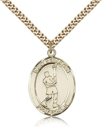Gold Filled St. Sebastian - LaCrosse Medal with Chain Pendant
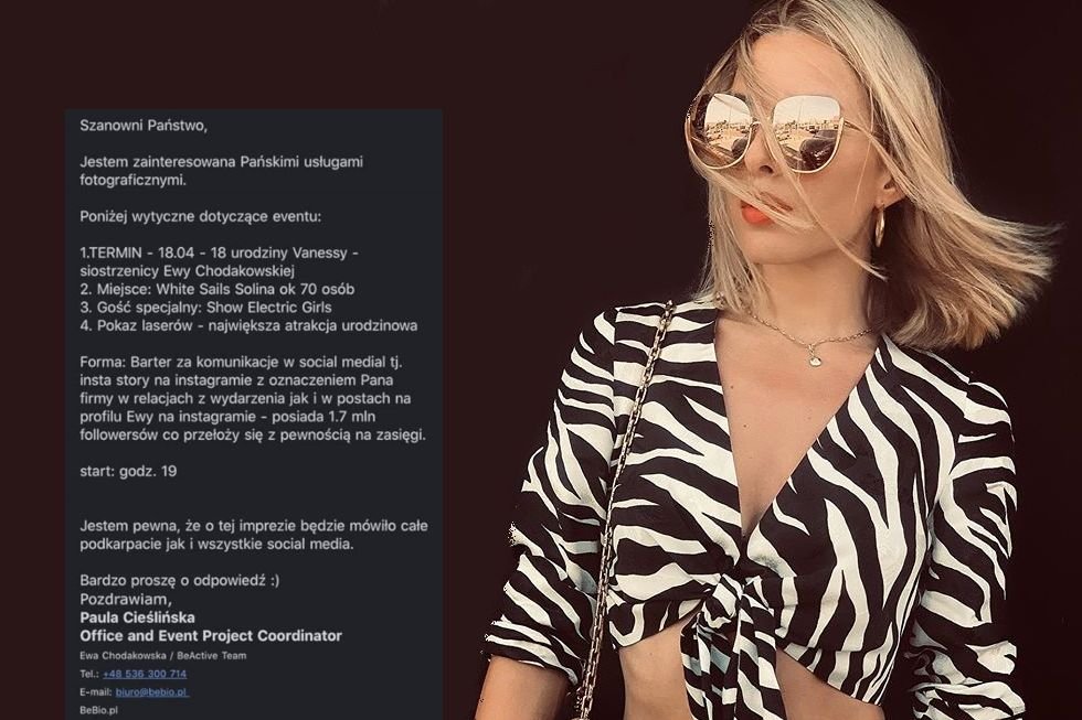 "Forma: Barter za komunikację w social media, tj. instastory na instagramie z oznaczeniem Pana firmy w relacjach z wydarzenia, jak i w postach na profilu Ewy na instagramie - posiada 1,7 mln followersów co przełoży się z pewnością na zasięgi" - kusi zespół Chodakowskiej, który wie, że płacenie za pracę to nieistotny konstrukt społeczny z XIX wieku.
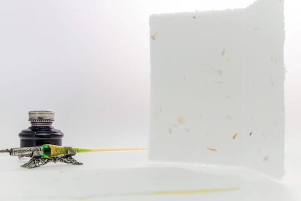 Foglio A5 120 gr/mq che misura 22×17,5cm di carta di Amalfi fatta a mano in cotone 100%.
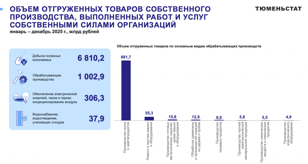 По итогам 2025 года объём отгруженных товаров собственного производства в ХМАО составил в добыче полезных ископаемых 6 810,2 млрд рублей, что на 23% ниже уровня 2024 года, когда этот показатель достигал 8 847,2 млрд рублей. В обрабатывающих производствах отгрузка снизилась на 7,6% — с 1 085,1 до 1 002,9 млрд рублей. При этом обеспечение электроэнергией, газом и паром, напротив, показало рост на 16,7% (до 306,3 млрд рублей), а водоснабжение и утилизация отходов прибавили 7,7% (до 37,9 млрд рублей). В структуре обработки лидирует производство кокса и нефтепродуктов с объёмом 55,3 млрд рублей, что на 9,3% выше прошлогоднего уровня (в 2024 году было 50,6 млрд). Ремонт и монтаж машин и оборудования вырос на 20,6% (до 15,8 млрд рублей) (в 2024 году было 13,1 млрд), тогда как обработка древесины и производство деревянных изделий сократились на 19,9% (до 12,9 млрд рублей) (в 2024 году было 16,1 млрд).
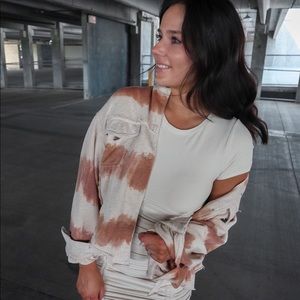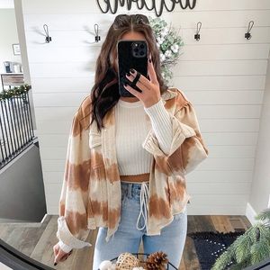 This jacket features a tie dye pattern with a boxy, oversized fit! It has terrycloth paneled sleeves and a raw hem.
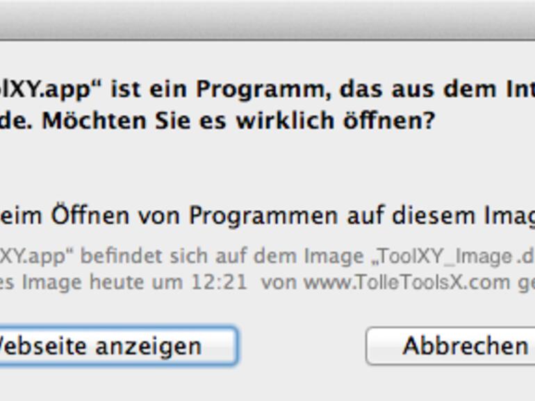 - Ist die Option „Keine Einschränkungen“ gewählt, lassen sich Anwendungen ganz wie bisher auch installieren – egal ob aus dem Mac App Store, von Datenträgern oder aus dem Internet heruntergeladene Programme. Eine Warnung, dass „ein Programm aus dem Internet“ geöffnet wird, kann sich OS X aber dennoch nicht als Warnhinweis verkneifen.
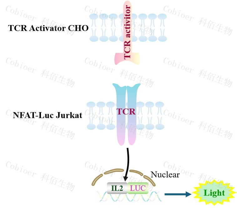 TCR Activator CHO 報告基因藥靶模型很好的模擬了體內 TCR 的信號轉導過程,原理見下圖所示。![]() Figure 1. TCR Activator CHO 細胞模型原理圖 |
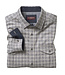 Long sleeve grey sport shirt in a small blue plaid button up style with two buttoned chest pockets. It has a contrast navy gingham on the inside of the collar and sleeve cuffs. The curved hem allows you to wear untucked if you like as an overshirt with your jeans or cotton pants.

WHAT THE EXERCISE ASKS: Only lines belong in the copy: transcribe those from the start of the data through the line that contains "Foglio A5 120", and skip the pictures.

WRITTEN RESPONSE:
Gold Filled St. Sebastian - LaCrosse Medal with Chain Pendant
 "Forma: Barter za komunikację w social media, tj. instastory na instagramie z oznaczeniem Pana firmy w relacjach z wydarzenia, jak i w postach na profilu Ewy na instagramie - posiada 1,7 mln followersów co przełoży się z pewnością na zasięgi" - kusi zespół Chodakowskiej, który wie, że płacenie za pracę to nieistotny konstrukt społeczny z XIX wieku.
 Foglio A5 120 gr/mq che misura 22×17,5cm di carta di Amalfi fatta a mano in cotone 100%.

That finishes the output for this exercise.